◆ What needs to be done
Reproduce only the lines below from the line containing "at BIME 2022" to the line containing "Fig. 7.6 : Barasingha", exactly as written, with both end lines kept. Omit the pictures.

[Stored dataset items]

----

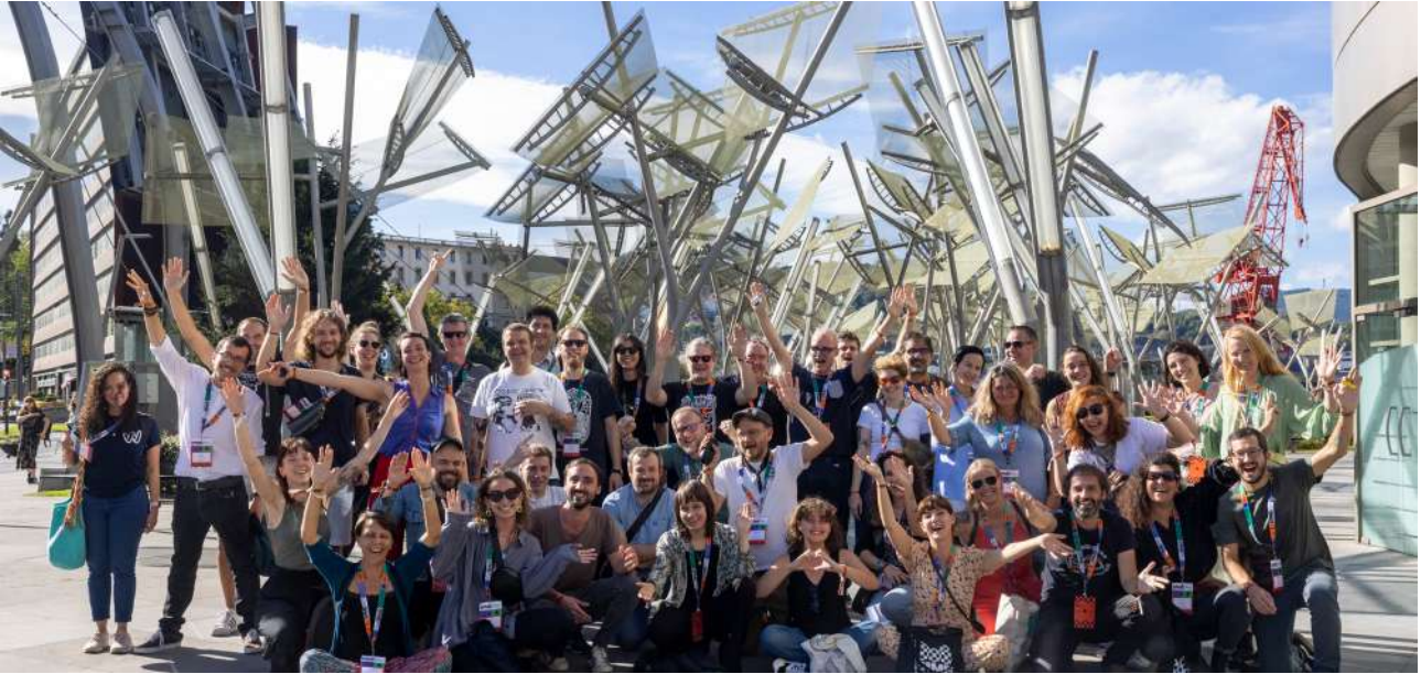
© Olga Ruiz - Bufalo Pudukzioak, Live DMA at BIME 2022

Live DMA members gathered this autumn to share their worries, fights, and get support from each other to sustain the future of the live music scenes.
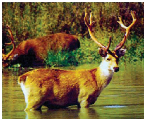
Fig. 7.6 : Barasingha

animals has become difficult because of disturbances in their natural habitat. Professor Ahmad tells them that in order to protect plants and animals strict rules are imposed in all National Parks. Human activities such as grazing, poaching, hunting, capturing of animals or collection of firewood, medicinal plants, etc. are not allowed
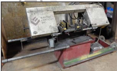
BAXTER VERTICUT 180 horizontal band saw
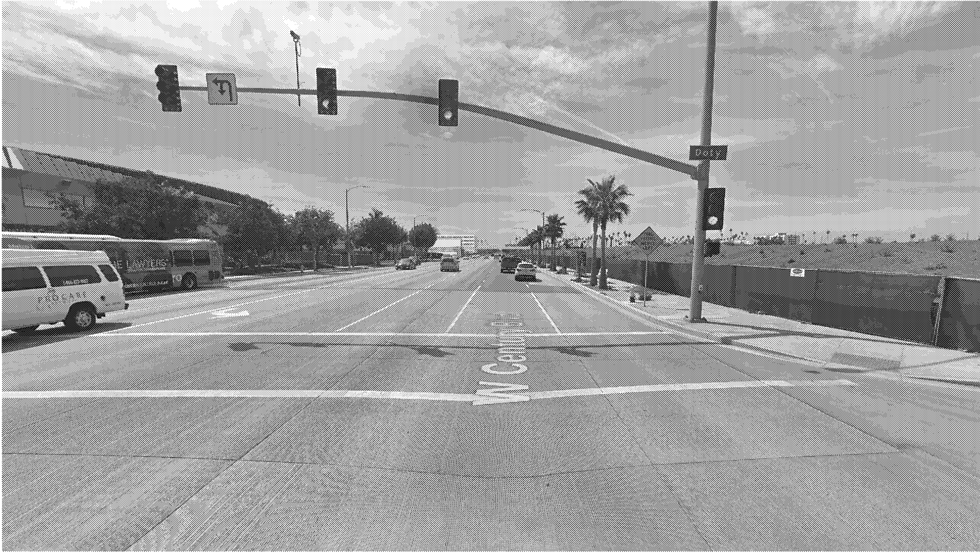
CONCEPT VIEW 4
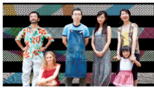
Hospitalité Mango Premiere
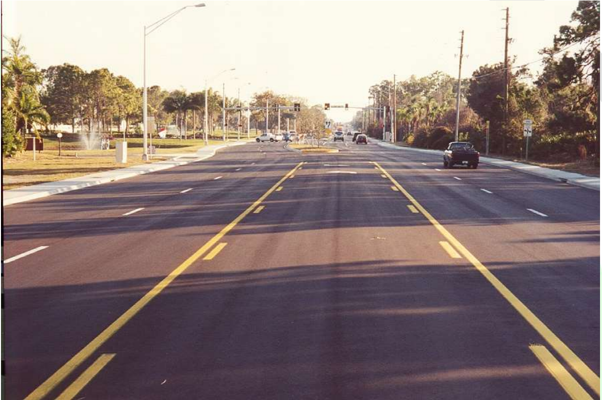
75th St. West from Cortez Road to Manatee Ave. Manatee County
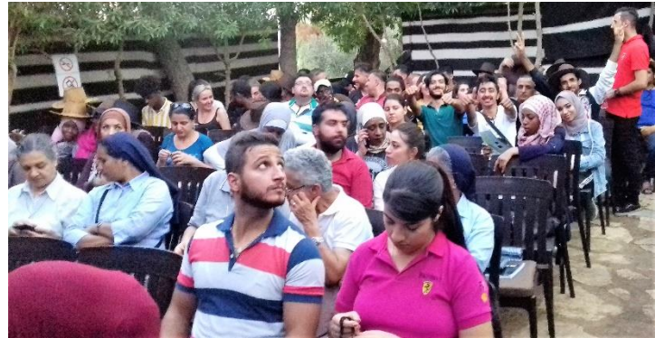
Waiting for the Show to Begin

----

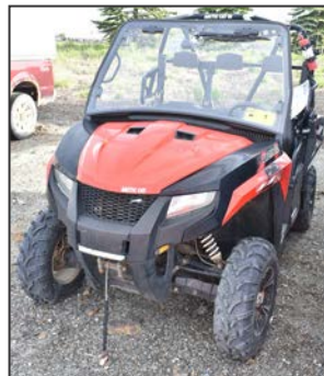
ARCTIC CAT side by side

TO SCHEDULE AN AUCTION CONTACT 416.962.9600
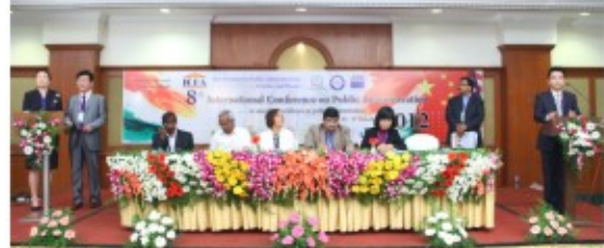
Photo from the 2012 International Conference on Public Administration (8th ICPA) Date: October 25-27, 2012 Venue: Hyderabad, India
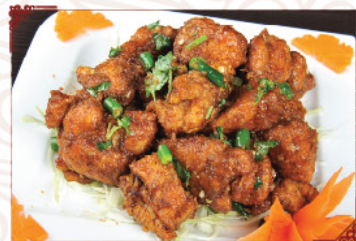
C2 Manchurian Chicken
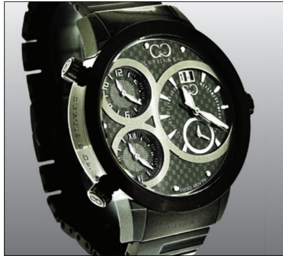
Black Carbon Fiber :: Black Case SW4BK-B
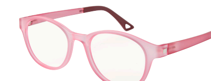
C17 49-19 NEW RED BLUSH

----

◆ Response to this exercise
© Olga Ruiz - Bufalo Pudukzioak, Live DMA at BIME 2022

Live DMA members gathered this autumn to share their worries, fights, and get support from each other to sustain the future of the live music scenes.
Fig. 7.6 : Barasingha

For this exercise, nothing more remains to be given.